Las propuestas que hemos visto en la recién celebrada Mipel nos avanzan el aumento del volumen de los bolsos, los tonos terrosos, la flexibilidad de las pieles, las texturas grabadas, los estampados y, muy especialmente las superficies arrugadas, plisadas o gofradas. Se nota un predominio de dos tendencias opuestas: el bolso simple y sin ornamentaciones superfluas y el que se nos propone muy enriquecido tanto a nivel de texturas como de aplicaciones ornamentales. No existen los términos medios. En cuanto a colores, los ocres, dorados, terrosos y vinosos, los más recomendados.
Asistimos a una tendencia de bolsos más construidos, accesorios pesados, pespunteados visibles, tachas… Retornan las mochilas, (y no solamente para el hombre) y también los bolsos ajustados a la cintura.
Monederos, también grandes e inspirados en los años 80 aunque, a veces, excepcionalmente también se proponen los pequeñísimos cuando se requiere elegancia y glamour. En esta línea de marroquinería observamos decoraciones inspiradas en el fuego, aspectos sillería, vintage, y detalles japoneses.
¿Cuál es la anticipación para la inmediata primavera verano 2008? En esta temporada veremos confirmado en crecimiento de los volúmenes pero en contraposición también los pequeños y pequeñísimos estarán de actualidad.
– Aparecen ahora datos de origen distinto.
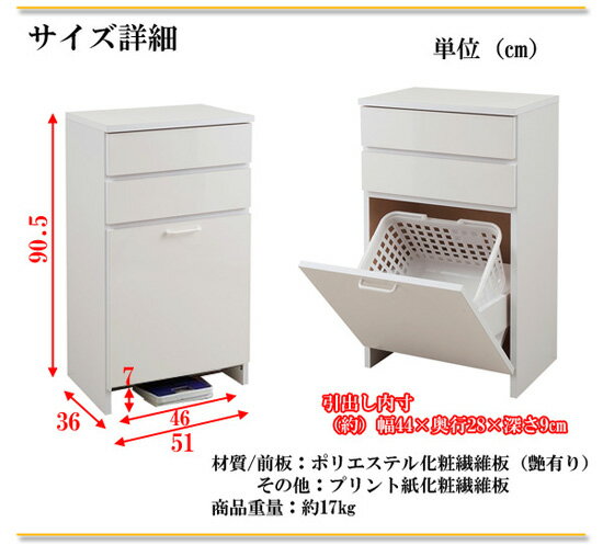 ・安心の国産・日本製! ・すぐに使えて、頑丈な完成品! ・オシャレで高級感のある前板艶有り! サニタリーラック/ランドリーボックス 脱衣バスケット収納付き! 鏡面仕上げ ロータイプ の詳細 商品名 鏡面仕上げバスケット付きランドリーラック 幅51cm 型番 幅51cmロータイプ ホワイト NO-0042 幅51cmロータイプ ピンク NO-0043 幅51cmハイタイプ ホワイト NO-0044 幅51cmハイタイプ ピンク NO-0045 ロータイプ サイズ 本体:(約)幅51×奥行36×高さ90.5cm 引出し内寸:(約)幅44×奥行き28×深さ9cm 扉内寸:(約)幅43×奥行き32×高さ40cm オープン部内寸:(約)幅46×奥行き34×高さ41cm ハイタイプ サイズ 本体:(約)幅51×奥行36×高さ180.5cm 引出し内寸:(約)幅44×奥行き28×深さ9cm 扉内寸:(約)幅43×奥行き32×高さ40cm バスケット外寸:(約)幅40×奥行き30×高さ27cm 材質 天板・前板:ポリエステル化粧繊維板、その他:プリント紙化粧繊維板、バスケット:ポリプロピレン 商品重量 ロータイプ:17kg ハイタイプ:26kg その他 完成品、バスケット外寸:幅40×奥行き30×高さ27cm 梱包サイズ ロータイプ:約:幅52×奥行37×高さ92cm ハイタイプ:約:幅52×奥行37×高さ92cm × 2個口でお届け 原産国 日本製 ジャンル 家具・インテリア > 収納ラック・収納棚 > サニタリーラック > 鏡面仕上げ ランドリー収納 / ランドリーボックス NO0042 NO0043 NO0044 NO0045 nasa ナサ 脱衣バスケット ランドリー引出し ゴミ箱付きキッチンカウンター キッチン収納 キッチンラック 玄関ラック 洗濯物入れ 広告文責 (有)アテーネシステム 076-254-0238サニタリーラック/ランドリーボックス 脱衣バスケット収納付き! 鏡面仕上げ ロータイプ

Se aportará por las texturas mórbidas aunque aparentemente tengan la imagen de estructuradas. Detalles funcionales y todavía importancia de los pequeños accesorios. Colores fríos, claros y en particular en los vestidos y, en oposición, el neon intenso, fresco y dinámico, los colores de las especias y los tonos secos y deshidratados.
Patronajes simples
Simplicidad y clasicismo en los portafolios de ejecutivo y en los bolsos urbanos para las que apuestan por el color pero que prefieren las formas sencillas.
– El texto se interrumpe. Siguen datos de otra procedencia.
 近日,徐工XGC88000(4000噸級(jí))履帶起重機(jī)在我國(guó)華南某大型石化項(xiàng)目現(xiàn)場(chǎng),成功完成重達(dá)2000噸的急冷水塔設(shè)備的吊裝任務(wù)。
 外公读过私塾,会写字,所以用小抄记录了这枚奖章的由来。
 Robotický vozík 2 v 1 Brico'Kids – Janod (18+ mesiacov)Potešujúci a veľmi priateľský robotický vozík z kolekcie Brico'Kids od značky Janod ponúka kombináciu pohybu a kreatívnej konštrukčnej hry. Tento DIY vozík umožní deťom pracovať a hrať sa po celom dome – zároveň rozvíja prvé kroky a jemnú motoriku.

Tonos terrosos en dos versiones distintas
En ambos bolsos, las asas son dobles y cortas pero mientras que en uno de ellos destacan los juveniles grafismos, en el otro son los trenzados de las asas los que acaparan la atención.
El tacto de la flexibilidad
En tono ocre o en rojo Burdeos, la flexibilidad, dulce al tacto, contrasta con la dureza de las tachuelas.
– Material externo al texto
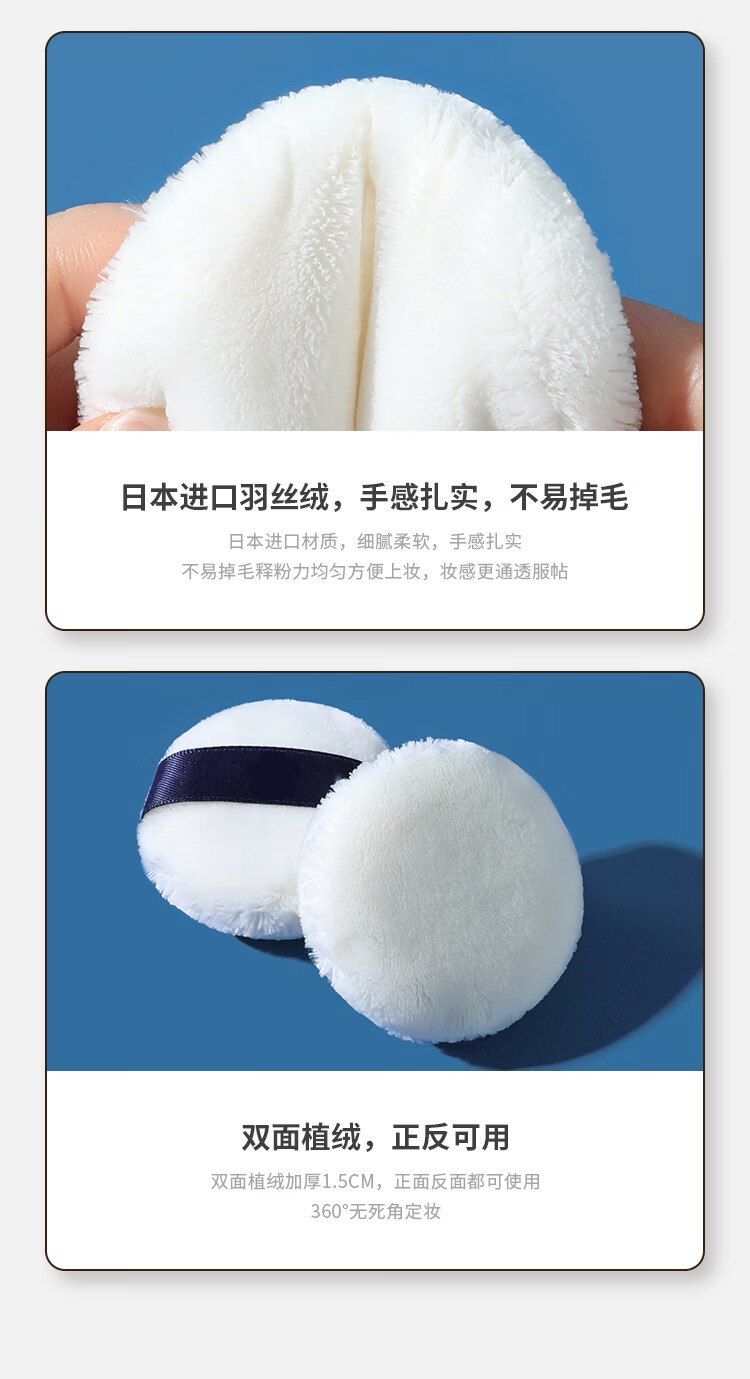 进口立绒超软植绒散粉扑定妆工具粉饼气垫美妆粉底不吃粉 进口立绒长毛粉扑小号【带盒子】 2个 直径5.5cm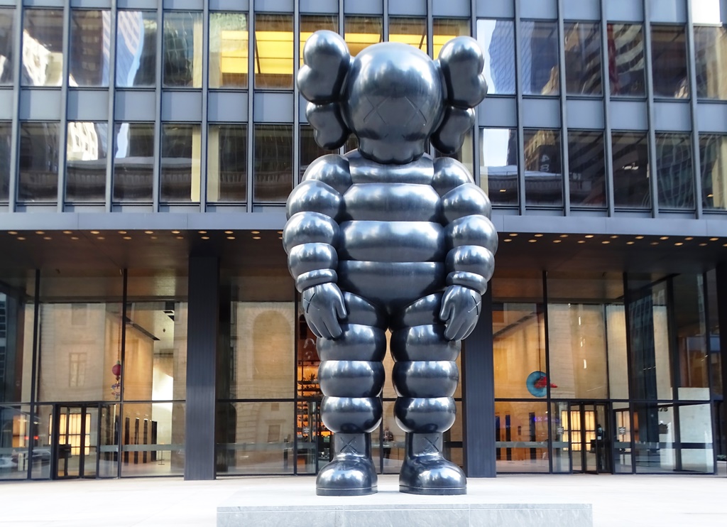 KAWS, seudónimo del artista norteamericano Brian Donnelly, es reconocido por unir arte, cultura pop y juguetes para la venta. Conocido por sus figuras “companion” que recuerdan al famoso muñeco Michelin, ha presentado “What party” con un tamaño monumental.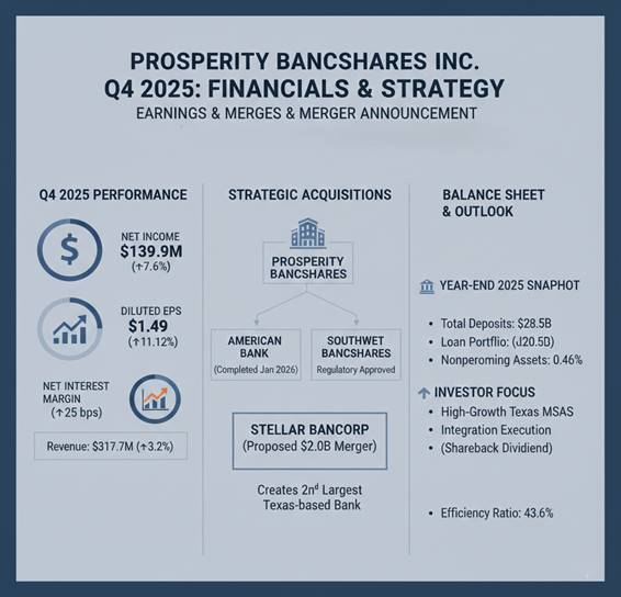 This announcement follows a period of high M&A activity for the bank. Prosperity confirmed the completion of its merger with American Bank Holding Corporation effective January 1, 2026, and noted it has received all necessary regulatory approvals for its pending acquisition of Southwest Bancshares, Inc.
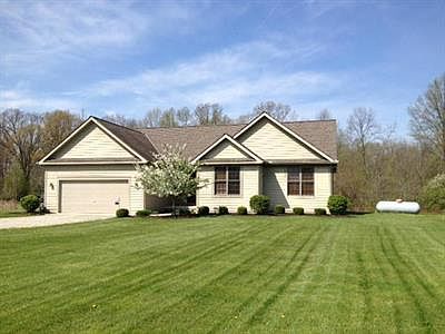 Enjoy the convenience of this ready to move into condition custom built home. Built in 2003. Many awesome customs were built into this home. Location is perfect, just a few steps away from the Mill Creek Golf Course. Situated on 1.2 acres. Delco water is a real added plus. Home offers 5-1/2'' solid Oak baseboard trim, 6 panel solid Oak interior doors, Hunter ceiling fans, 9' ceilings, cut glass transoms, Stainless Steel appliances, extra large first floor laundry w/built-in cabinets, full basement. Seller is giving a 13 month home warranty to the buyer at time of closing. Excellent condition!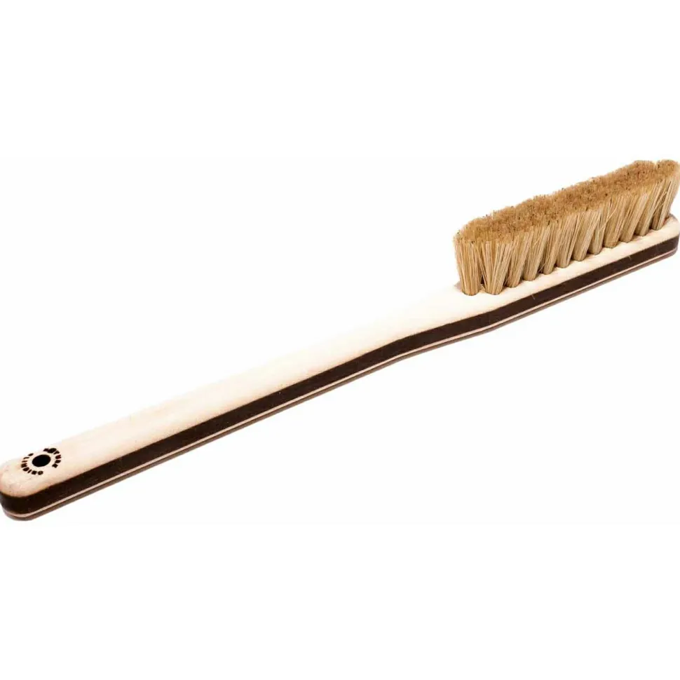 Die dänischen Natur- und Kletterfreaks von Nature Climbing mit eigener Werkstatt in Aarhus stellen ebendort auch die eigene Boulderbürste Brush her! Das hübsche Ding wird aus wunderschönem, FSC-zertifizierten Ahornholz, das an den Rändern dunkel gebrannt wurde, sowie einem Walnußholz-Einsatz (ebenfalls FSC-zertifiziert), der die Wildschweinborsten aufnimmt, hergestellt. Der Nachhaltigkeitsanspruch von Nature Climbing hört hier allerdings noch nicht auf, sondern hat auch eine soziale Komponente, denn die Borsten werden von Blinden Bürstenmachern angebracht, da eine Kooperation mit der dänischen Blinden-Organisation „Blindes Arbejde“ besteht. Vorbildlich!

Minimalismo pero con discretos adornos
Se trata de bolsos muy minimalistas que toman, como colgante, algunos detalles coordinados.
Pieles grabadas y asas cortas
Estilo Kelly y colores marfil para estos dos bolsos de doble asa corta.
El color ocre
Los tonos ocres para los bolsos urbanos y también para los portafolios.
Ornamentaciones metálicas
Brillos plateados o dorados en las hebillas o adornos de los bolsos y cinturones que huyen de la sencillez.
Gofrados o arrugados
Los gofrados y los dorados siguen en primera línea. En estas dos propuestas, a partir de superficies arrugadas o gofradas sobre imitación pelo.
Arrugados gofrados y formas geométricas
Dos propuestas distintas pero basadas en el punto común de: la superficie muy elaborada.
Ornamentados
La bolsa judía y la inspirada en un marcado espíritu vintage rebosan exuberancia.
Los bolsos estampados
Bien sea imitando las manchas felinas o los nuevos diseños de máxima actualidad, los estampados personalizan los bolsos extraordinariamente.